- **Exercise**
Transcribe the entries exactly as given and skip whatever images they hold.

··· Raw data ···

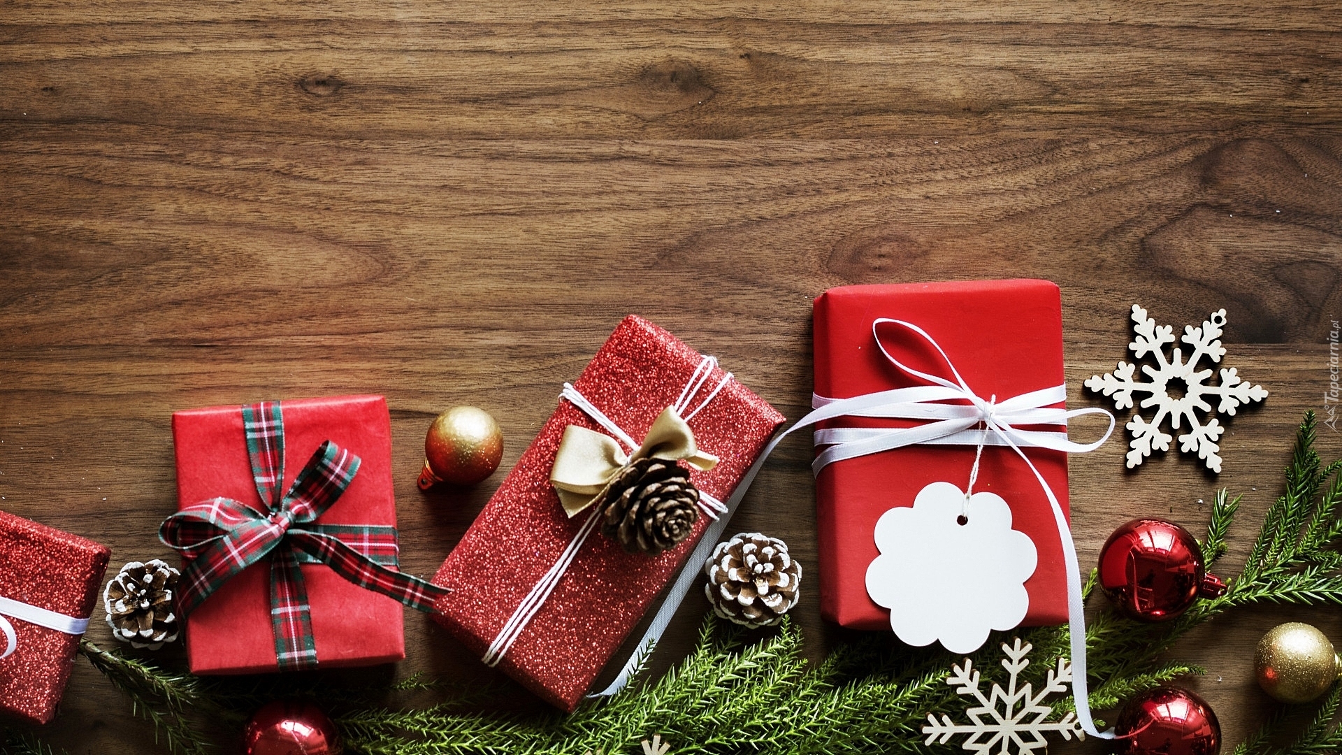 Edytor tapety: Prezenty świąteczne i bombki na deskach
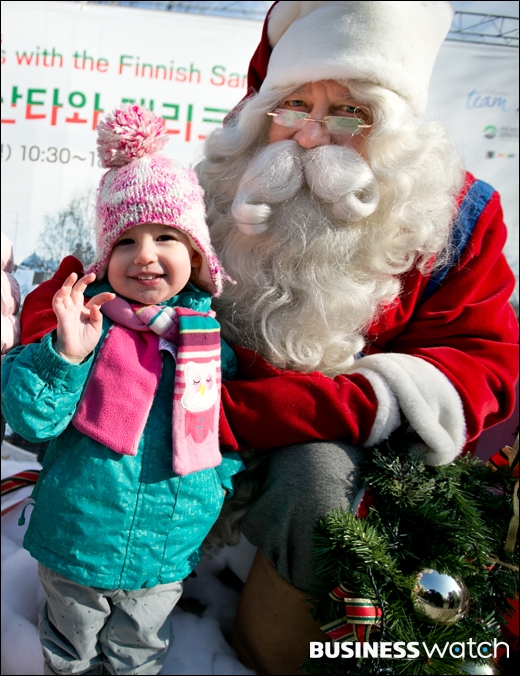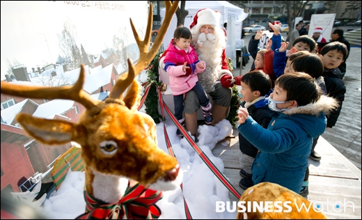 | ▲ 크리스마스 이브를 하루 앞둔 23일 오전 서울광장에서 핀란드 산타마을에서 온 산타클로스 할아버지가 어린이들과 기념 촬영을 하고 있다. /이명근 기자 qwe123@ |
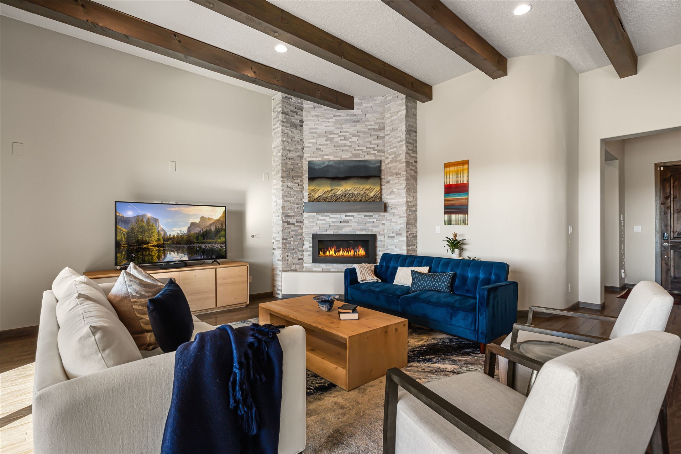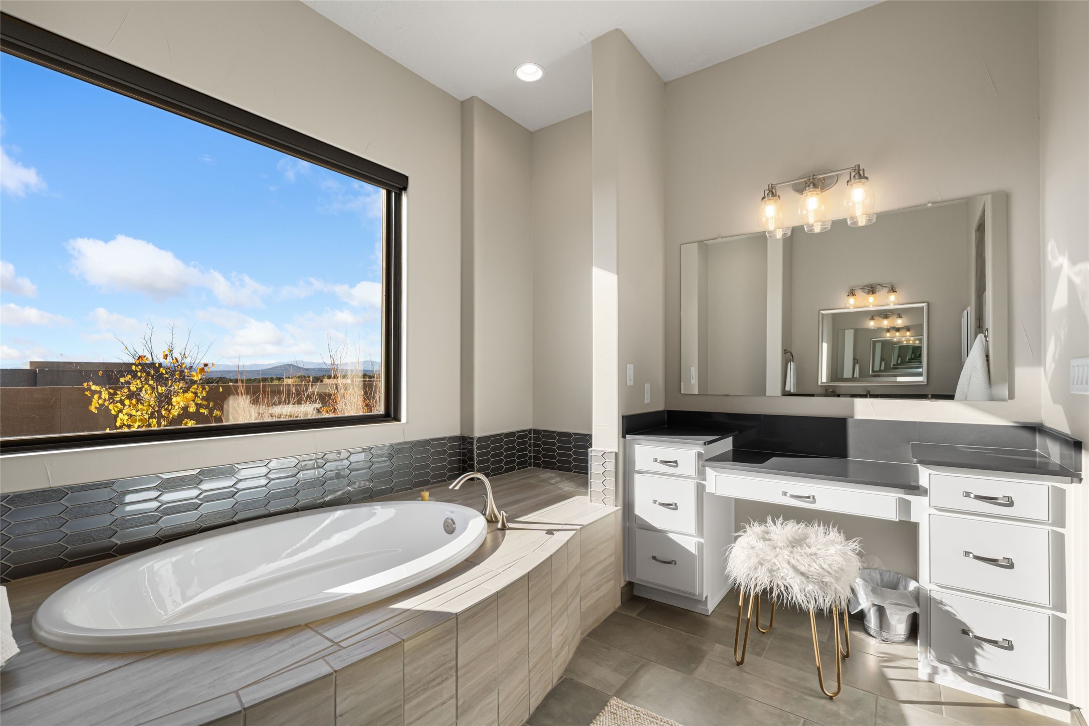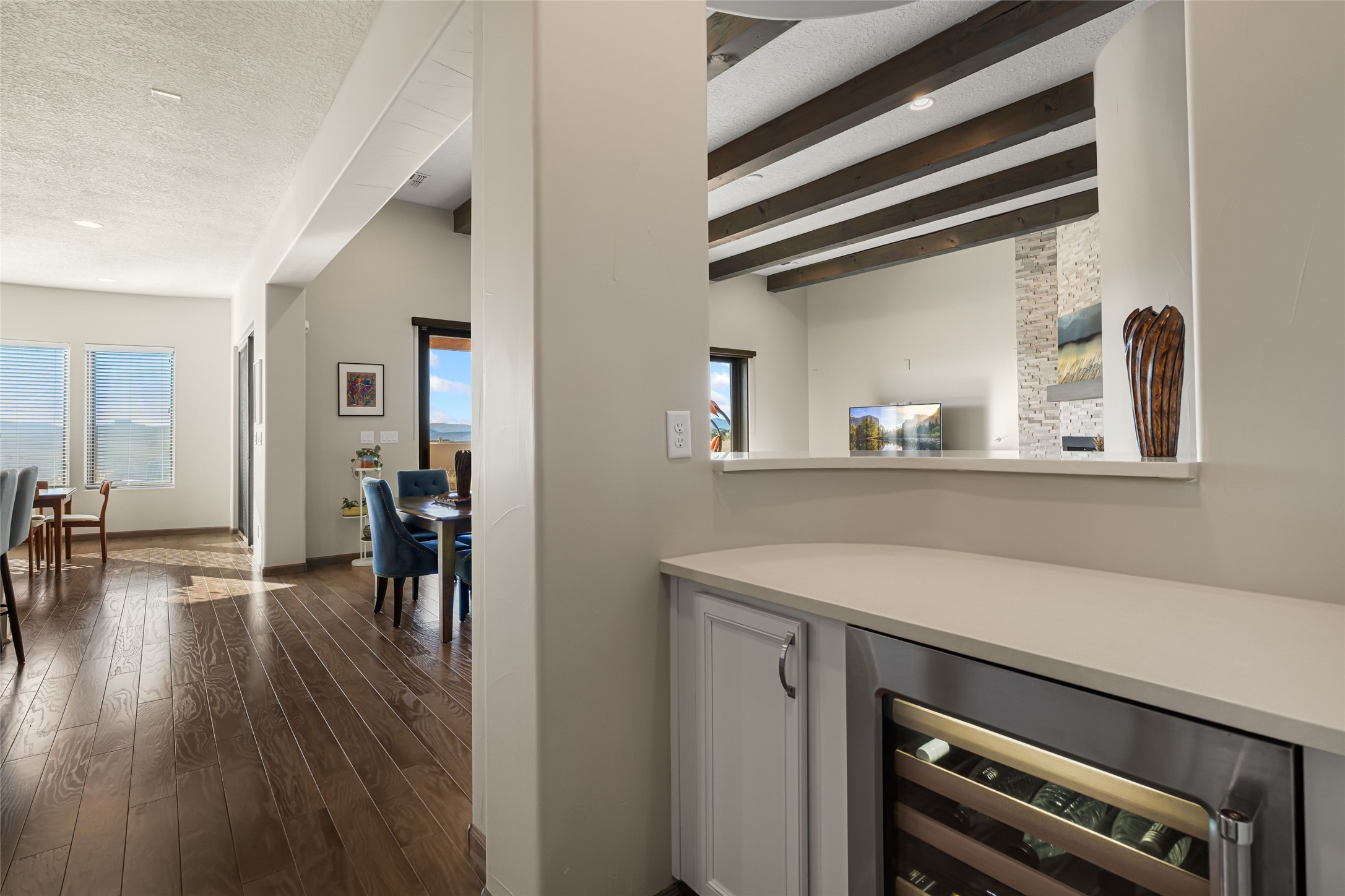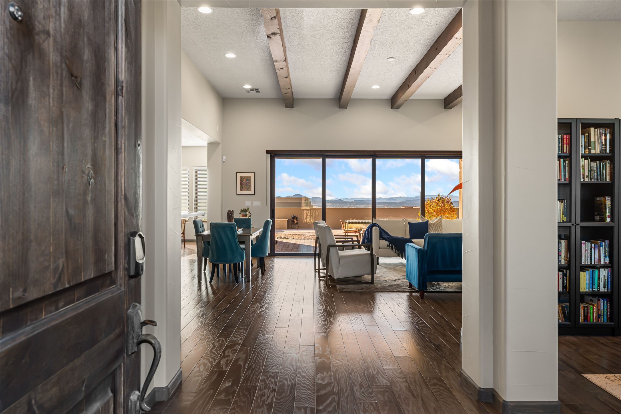 Set in Las Terrazas at Las Campanas, this beautifully maintained home enjoys expansive Jemez Mountain views and an easy indoor-outdoor connection. Light-filled living and dining spaces open to a deep portal with a kiva fireplace, ideal for sunset gatherings. The kitchen centers on a generous island with caf seating and a butler's pantry. Three ensuite bedrooms, an office or media room and thoughtful details such as quartz counters, hardwood floors, crown molding and a smarthome system combine comfort with quality. Landscaped with drip irrigation and certified Silver by Build Green NM. Club at Las Campanas memberships optional.
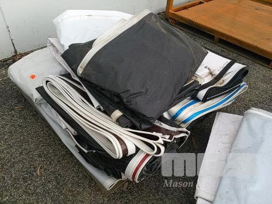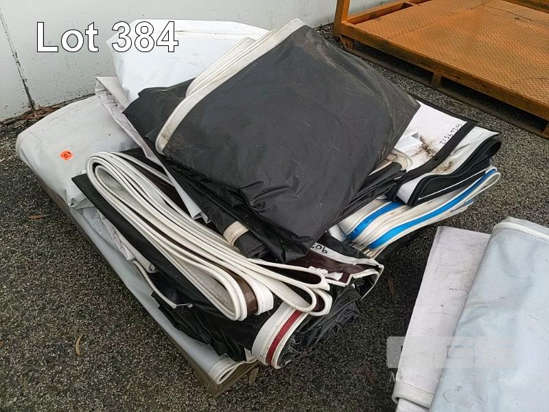12 APPROX x ASSORTED, HEAVY DUTY ADVERTISING TARPS, UNKNOWN SIZES
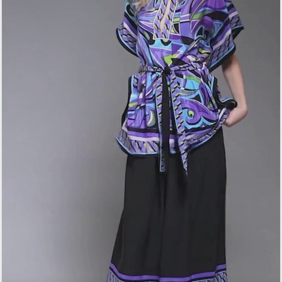 Midnight Mirage Printed Kaftan Co-ord Set – Purple & Teal
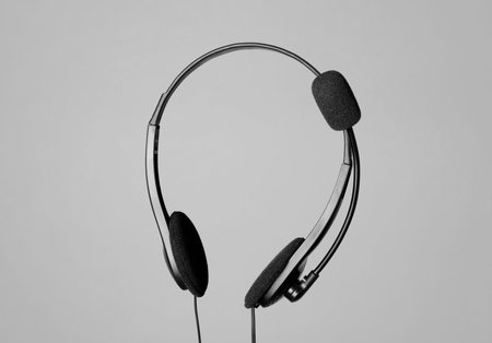 Headset with microphone in air on light grey background

···

- **Solution**
 Edytor tapety: Prezenty świąteczne i bombki na deskach
 | ▲ 크리스마스 이브를 하루 앞둔 23일 오전 서울광장에서 핀란드 산타마을에서 온 산타클로스 할아버지가 어린이들과 기념 촬영을 하고 있다. /이명근 기자 qwe123@ |
 Set in Las Terrazas at Las Campanas, this beautifully maintained home enjoys expansive Jemez Mountain views and an easy indoor-outdoor connection. Light-filled living and dining spaces open to a deep portal with a kiva fireplace, ideal for sunset gatherings. The kitchen centers on a generous island with caf seating and a butler's pantry. Three ensuite bedrooms, an office or media room and thoughtful details such as quartz counters, hardwood floors, crown molding and a smarthome system combine comfort with quality. Landscaped with drip irrigation and certified Silver by Build Green NM. Club at Las Campanas memberships optional.
12 APPROX x ASSORTED, HEAVY DUTY ADVERTISING TARPS, UNKNOWN SIZES
 Midnight Mirage Printed Kaftan Co-ord Set – Purple & Teal
 Headset with microphone in air on light grey background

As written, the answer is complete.